Tale for the Mirror by Hortense Calisher

Tale for the Mirror by Hortense Calisher

Author:Hortense Calisher [Calisher, Hortense]
Language: eng
Format: epub
ISBN: 9781480438927
Publisher: Open Road Media
Published: 1962-01-01T05:00:00+00:00


The Coreopsis Kid

ON AN AFTERNOON LATE in the Indian summer of 1918, on the lawn of the house from which the Elkin family was returning to the city the next day, a garden party was ending, and the talk there was all of the war, which was ending too. But inside the house—in a room called the “music” room because it held chairs in which no one could settle, a piano on which no one played, and a broken guitar slanted in a corner like a stricken figure—the Elkin child, Hester, lay on the floor, wishing that the war would never end and that a little old couple called the Katzes had never come to the party at all.

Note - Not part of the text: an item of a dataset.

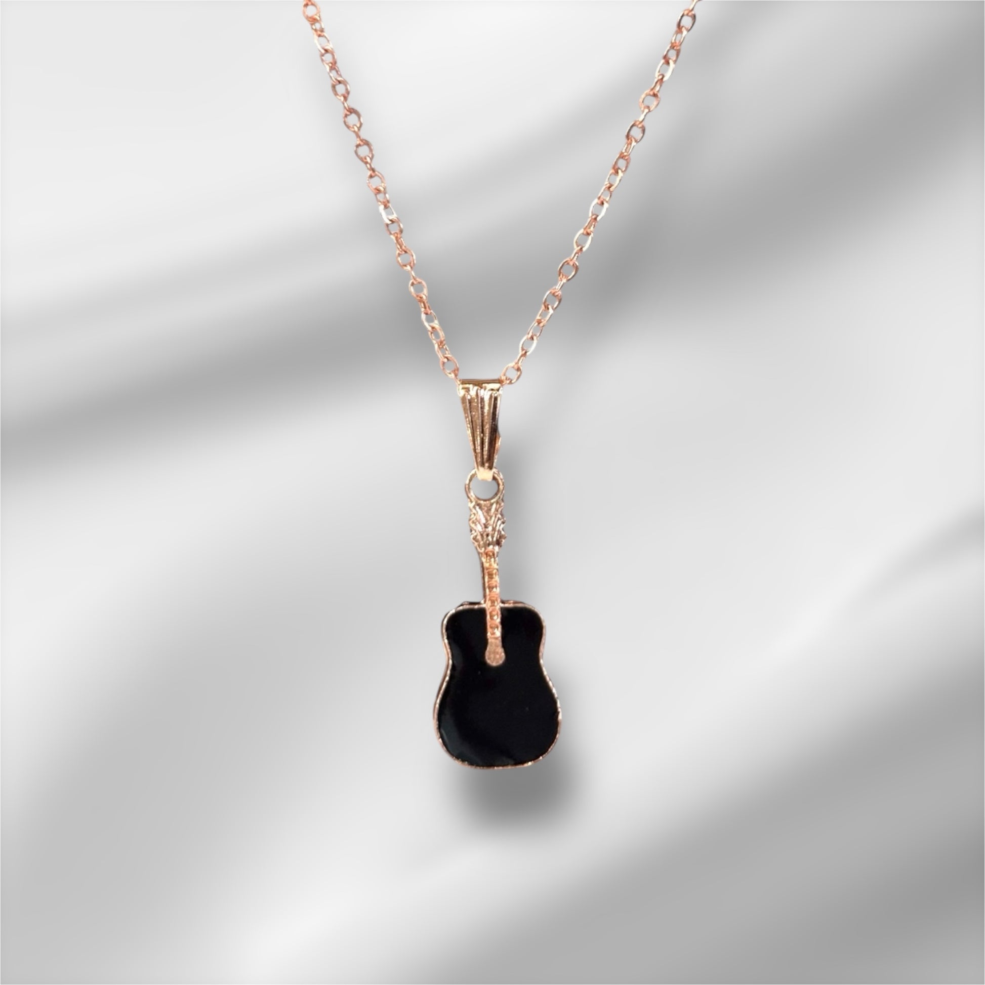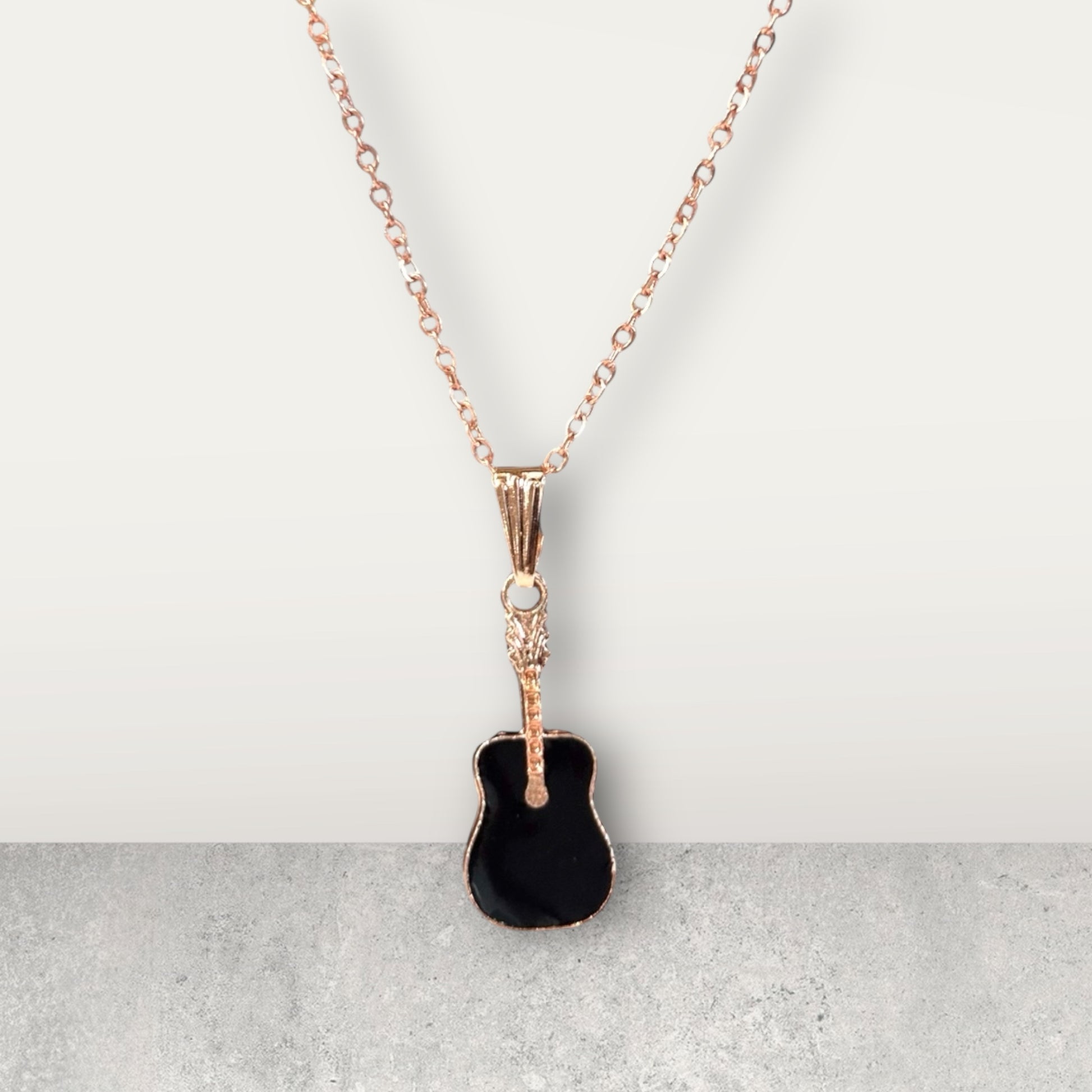 Show off your passion for music with this stylish Guitar Pendant Necklace. The body features smooth, contrasting black enamel set in a delicate rose gold-plated frame and chain. It's a perfect, subtle accessory for musicians and music fans alike.

Outside, in the pink, operatic light, all the town guests, most of them Mr. Elkin’s elderly retainers, had just gone, looking almost rakish out of their city serge, in the foulards, pongees, and sere straws they had thought proper to the occasion. Her father, who was the head of the family and of the business which supported it, attracted retainers—as her mother often said—as if he were royalty. Even when they were no kin and useless to the point of impossibility, like old Mr. Katz, they swam knowingly toward him out of the sea of incompetents, and he kept them on, out of sympathy, some vanity, and an utter lack of the executive violence necessary to have off with their heads.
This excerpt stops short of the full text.